The War Within

The War Within

Early on in the suicide-bomber analysis The War Within, it looks like director Joseph Castelo and co-writer/star Ayad Akhtar are up to something high-concept and contrived. In the film's opening scenes, Akhtar, a Pakistan-born student, is kidnapped off the streets of Paris and flown to a dank prison where he's viciously tortured and questioned about terrorist activity. Three years later, he arrives in New York City a harder, more somber man, ready to join a terrorist cell and carry a bomb into Grand Central Station. For a while, the two timelines play out in parallel, with scenes of Akhtar preparing for the attacks alternating with horrific sequences from his interrogations. Clearly, one event informs the other—Akhtar's prison cellmate Charles Daniel Sandoval becomes his terrorist cell leader, for instance—and it seems Castelo and Akhtar are working toward an ironic and tragic cause-and-effect chain, whereby brutality turns Akhtar into the brute his captors think he is, and immoderate repression of terrorists simply creates more of them.

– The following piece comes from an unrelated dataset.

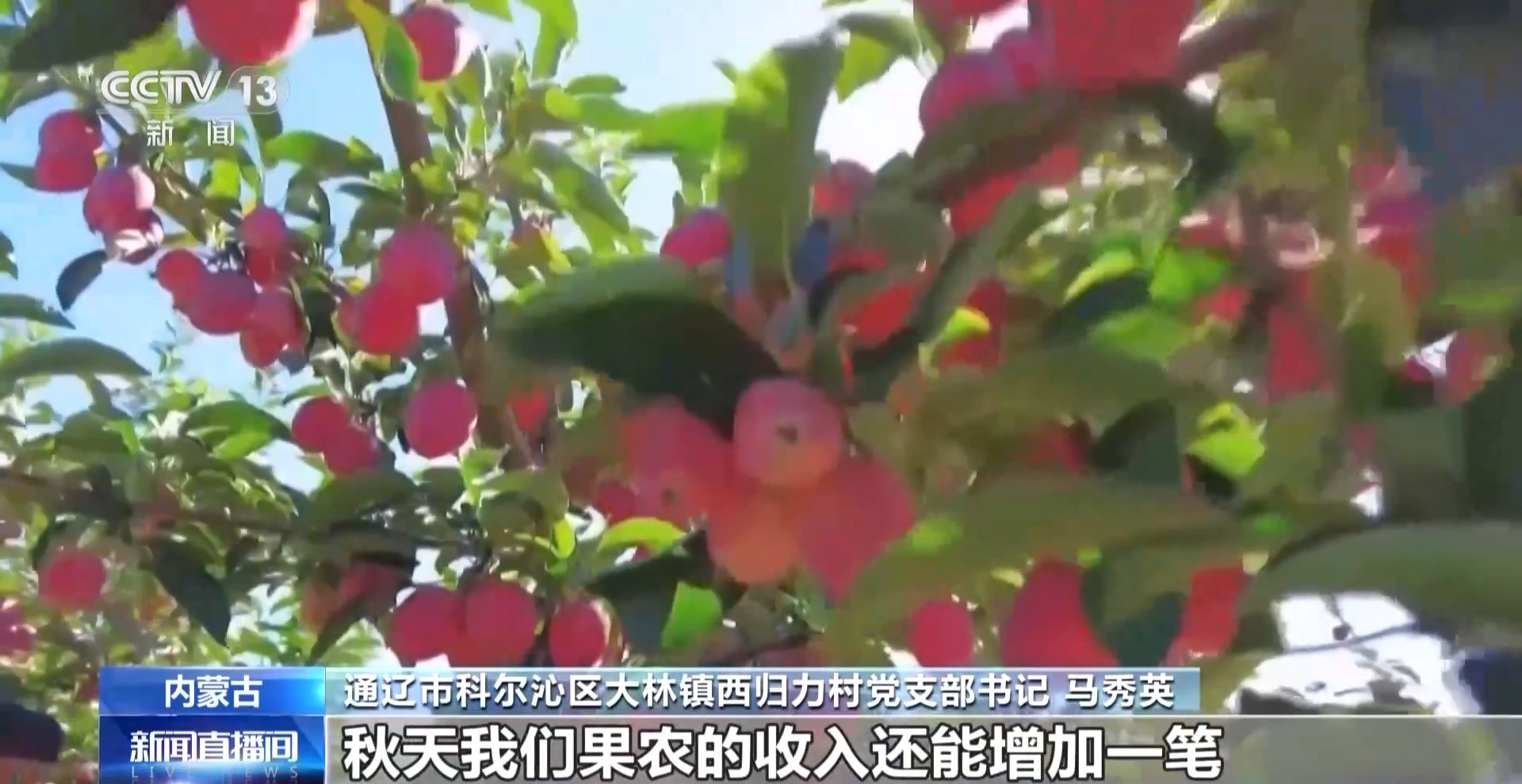 當(dāng)記者來到內(nèi)蒙古通遼市時(shí),看到的是密密麻麻的果樹,這是科爾沁的治沙明星“塞外紅”。依靠“生態(tài)屏障+經(jīng)濟(jì)林”的立體治沙模式,如今,“塞外紅”光賣果,一畝地一年就能有一萬多元的收入。

Instead, the history plotline fizzles out midway through, without clarifying such essential points as who was questioning Akhtar, whether he was innocent, how he left their custody, what he was like before it, and how he concluded that radical Islam and punitive attacks on America were appropriate responses. Instead, The War Within veers into a study of the pressures acting on him—his devout beliefs, his nightmarish past, his observations of the innocents around him, and particularly his relationship with old friend Firdous Bamji, who takes Akhtar in, believing he's in the country for a job interview. Their friendship is particularly poignant because of Bamji's openhearted trust—in America and in authority, but in Akhtar as well. The ease with which Akhtar hides his intentions is chilling; the implied question is, "How well do you really know your friends, neighbors, or even family?" But even eerier is the way Akhtar passes on his beliefs to Bamji's son, even as he seems to be questioning them himself.

The War Within manages a fascinating balancing act by humanizing a terrorist without justifying his actions; he's had staggering wrongs done to him, he honestly believes he's doing the right thing, and he's a more sympathetic figure than Sandoval, who lacks even the courage of his supposed convictions. But that doesn't prevent Akhtar from contemplating abominations. Akhtar brings the character across brilliantly, but his internal battle is murky and obscure, and Castelo gives the film a correspondingly murky, obscure look, with Akhtar spending so much time wallowing in darkness that his ventures into daylight appropriately seem like journeys to another world. The War Within is sometimes too pat and sometimes ragged with omissions and confusions, but it's still a fascinating look outside of that familiar world and into a harsher one, where even the unfathomable has its reasons, which run far deeper than the blithe summary "terrorists just hate freedom."